KEY POINTS:
Finance Minister Michael Cullen is standing by his comment that it would be foolish to rule out a recession - but has now added that he does not think one will actually happen.
Dr Cullen was criticised yesterday by the National Party for saying on Tuesday that he could not rule out a recession given concerns about a drought, the weakening housing market and international financial turmoil.
Dr Cullen said yesterday that he did not regret what he had said, but wanted to emphasise that the comment did not mean he expected a recession.
"If you had asked me the question yesterday 'did I think there was going to be a recession', the answer was probably not," Dr Cullen said.
Political argument over the economic outlook has heated up over the past week as the US economy falters, and as some economists have become less optimistic about where New Zealand is heading.

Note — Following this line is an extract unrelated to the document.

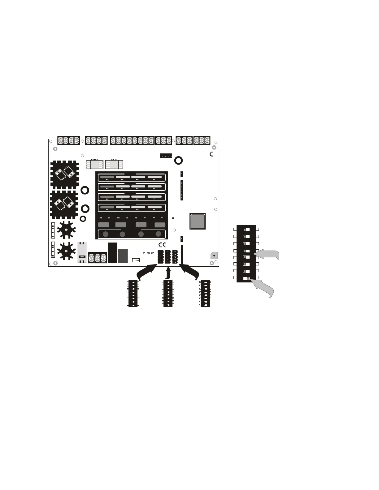 illustration for switch locations and DIP switch placement in the ON and OFF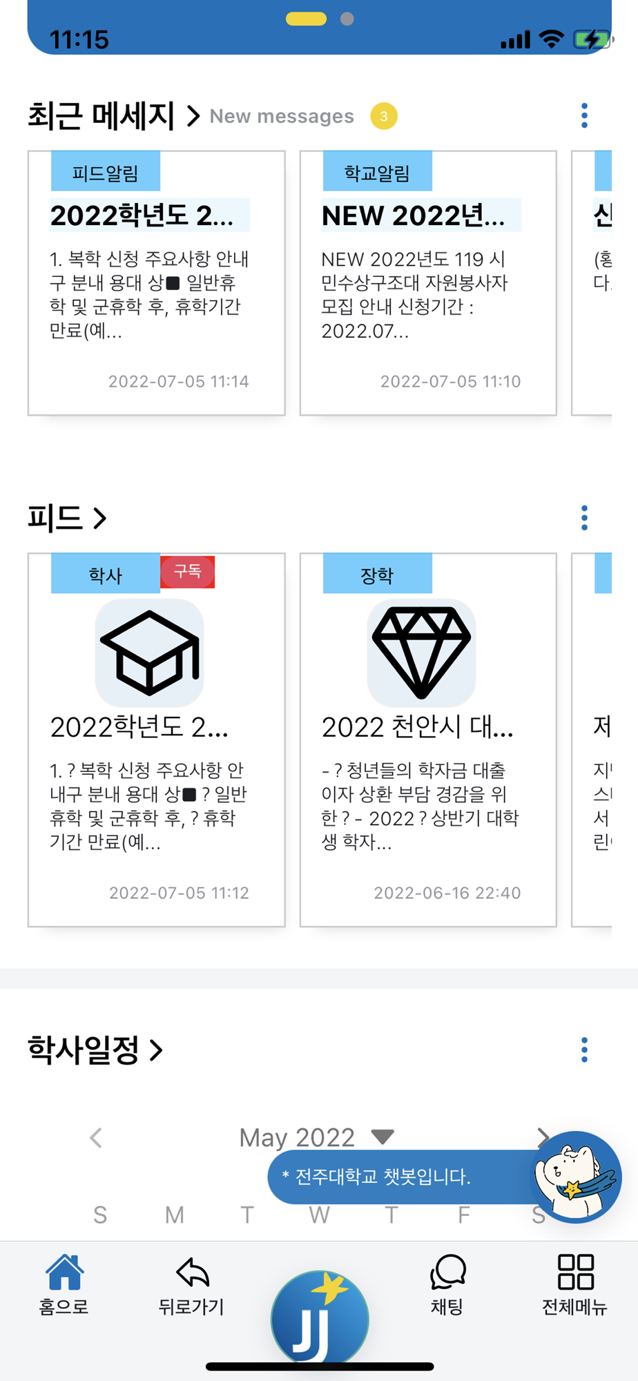 전주대학교 학생 및 교직원들을 위한 모바일 앱이 런칭 되었습니다.

Adding to the concern was a report yesterday by the Ministry of Agriculture and Forestry which estimated the impact on farmers of the current drought at $1.24 billion, through falls in production and increases in unexpected costs such as feed supplementation.
But yesterday in Parliament, National was more interested in talking about interest rates as it seized on a recent comment by Prime Minister Helen Clark that mortgage rates were not going through the roof.
In a radio interview with the Farming Show two weeks ago, Helen Clark discussed differences in domestic policy between Labour and National.
A transcript of the interview shows she suggested plans by National would require big cuts to the public service and would see "your mortgage rate going through the roof because the system couldn't stand it".
The presenter responded: "It's going through the roof with your lot."
But the Prime Minister dismissed that: "Well no, no, it's not going through the roof."
Questioned again, she went on to explain that inflation was "just right on top" of the Reserve Bank's target band, and was "similar to where things are" in Australia.
She said New Zealand's banks were being buffeted by fallout from the US sub-prime lending crisis, not by something driven out of New Zealand. National's deputy leader Bill English yesterday described Helen Clark's comment as "one of the least informed, most off-hand, out of touch" things a Prime Minister could say in the current environment.
"There isn't a time when that could be more wrong," Mr English said.
New Zealanders who owned homes, had mortgages, credit card debt or overdrafts knew that interest rates were going through the roof, he said.
Asked yesterday by the Herald whether she stood by the comment or wished to add anything to it, Helen Clark's spokeswoman said the Prime Minister was "well aware" that interest rates had increased.
The Prime Minister argued the Labour-led Government had run strong books with low debt - while National would borrow more and the impact of that would be mortgage rates going through the roof.